Abortion and Divorce in Western Law

Abortion and Divorce in Western Law PDF Author: Mary Ann Glendon
Publisher: Harvard University Press
ISBN: 9780674001619
Category : Law
Languages : en
Pages : 218

Book Description
This book is about two subjects which have been discussed extensively and these are abortion and divorce. The Author shows both side of argument, demand for abortion and no abortion at all.

Christian Human Rights

Christian Human Rights PDF Author: Samuel Moyn
Publisher: University of Pennsylvania Press
ISBN: 0812292774
Category : Political Science
Languages : en
Pages : 258

Book Description
In Christian Human Rights, Samuel Moyn asserts that the rise of human rights after World War II was prefigured and inspired by a defense of the dignity of the human person that first arose in Christian churches and religious thought in the years just prior to the outbreak of the war. The Roman Catholic Church and transatlantic Protestant circles dominated the public discussion of the new principles in what became the last European golden age for the Christian faith.
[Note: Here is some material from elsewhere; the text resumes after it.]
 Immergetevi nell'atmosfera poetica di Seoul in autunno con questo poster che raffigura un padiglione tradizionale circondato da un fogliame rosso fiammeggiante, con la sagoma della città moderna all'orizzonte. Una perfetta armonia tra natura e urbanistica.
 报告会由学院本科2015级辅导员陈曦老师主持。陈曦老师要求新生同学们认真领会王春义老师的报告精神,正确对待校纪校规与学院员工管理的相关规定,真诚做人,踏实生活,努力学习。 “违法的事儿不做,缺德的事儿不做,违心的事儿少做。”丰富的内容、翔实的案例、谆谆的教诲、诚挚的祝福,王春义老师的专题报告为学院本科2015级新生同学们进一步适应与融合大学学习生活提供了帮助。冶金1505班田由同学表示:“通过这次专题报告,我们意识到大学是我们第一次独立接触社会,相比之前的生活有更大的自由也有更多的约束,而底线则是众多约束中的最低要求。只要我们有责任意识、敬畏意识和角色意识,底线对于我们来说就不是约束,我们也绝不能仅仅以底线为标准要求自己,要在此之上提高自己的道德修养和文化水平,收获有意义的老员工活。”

At the same time, West European governments after World War II, particularly in the ascendant Christian Democratic parties, became more tolerant of public expressions of religious piety. Human rights rose to public prominence in the space opened up by these dual developments of the early Cold War. Moyn argues that human dignity became central to Christian political discourse as early as 1937. Pius XII's wartime Christmas addresses announced the basic idea of universal human rights as a principle of world, and not merely state, order. By focusing on the 1930s and 1940s, Moyn demonstrates how the language of human rights was separated from the secular heritage of the French Revolution and put to use by postwar democracies governed by Christian parties, which reinvented them to impose moral constraints on individuals, support conservative family structures, and preserve existing social hierarchies. The book ends with a provocative chapter that traces contemporary European struggles to assimilate Muslim immigrants to the continent's legacy of Christian human rights.
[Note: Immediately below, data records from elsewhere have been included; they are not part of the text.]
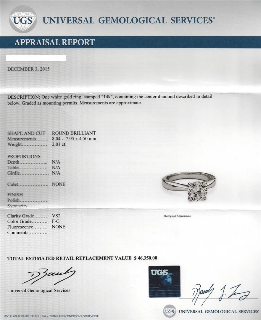 Up for auction is a beautiful EGL USA Certified 14KT white gold diamond solitaire ring! Stamped "14k", the ring contains a 2.01ct center diamond. Graded as mounting permits. Shape and Cut: Round brilliant. Measurements: 8.04 - 7.95 x 4.50mm. Culet: None. Clarity Grade: VS2. Color Grade: F-G. Fluorescence: None. Measurements are approximate. The ring weighs a total of 2.40 grams. UGS Appraised at $46,350.00.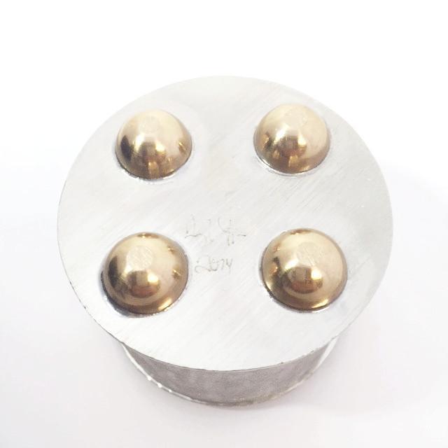 Celebrate generosity of spirit with this simple and contemporary tzedakah box. This beautiful piece by metal artist Joy Stember is fabricated from pewter and brass. The top is fitted into the box and lifts off to remove the money to be given to charity. SIZE: 3.25' diameter.
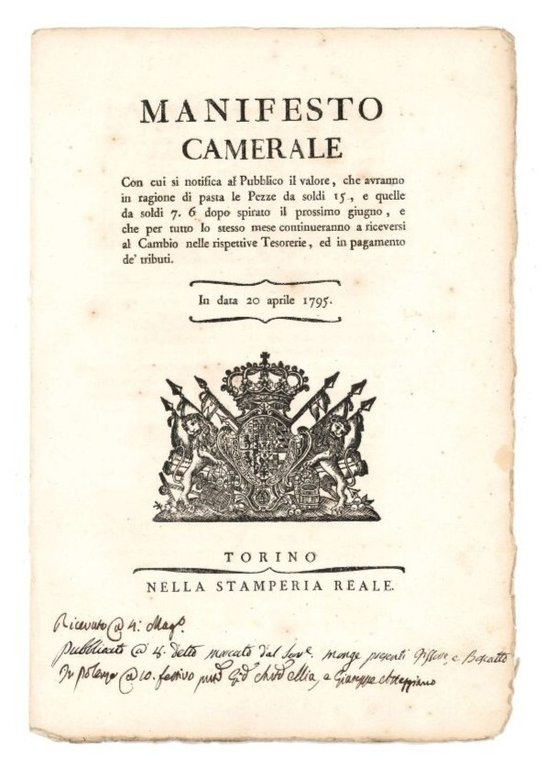 Manifesto camerale con cui si notifica al Pubblico il valore, che avranno in ragione di pasta le Pezze da soldi 15, e quelle da soldi 7.6 dopo spirato il prossimo giugno, e che per tutto lo stesso mese continueranno a riceversi al Cambio nelle rispettive Tesorerie, ed in pagamento de' tributi.

Positive Rights in a Republic of Talk

Positive Rights in a Republic of Talk PDF Author: T. Halper
Publisher: Springer Science & Business Media
ISBN: 9401000808
Category : Political Science
Languages : en
Pages : 337

Book Description
Positive Rights in a Republic of Talk will appeal to philosophers and social scientists interested in issues of rights and social justice, and to graduate students and journalists seeking a critical survey of the field. Innumerable recent books have addressed the issues of rights and social justice, but none combines the comprehensiveness, disinterestedness, and brevity found in this work. Positive Rights in a Republic of Talk: -is unique in its critical, let-the-chips-fall-where-they-may approach; -is untainted with special pleading for specific philosophical schools or social policies; -is distinctive in its range, examining the views of classical as well as contemporary thinkers and trendy as well as more established approaches; -is relentless in its confrontation of the abstract with the concrete; -discusses positive rights in such contexts as health care, education, foreign aid, homelessness, welfare, and disaster relief policies; -is distinctive in its prose, which is vivid, engaging, clear, occasionally funny, and never pompous or engorged with jargon; -can be read and enjoyed by serious non-specialists as well as specialists.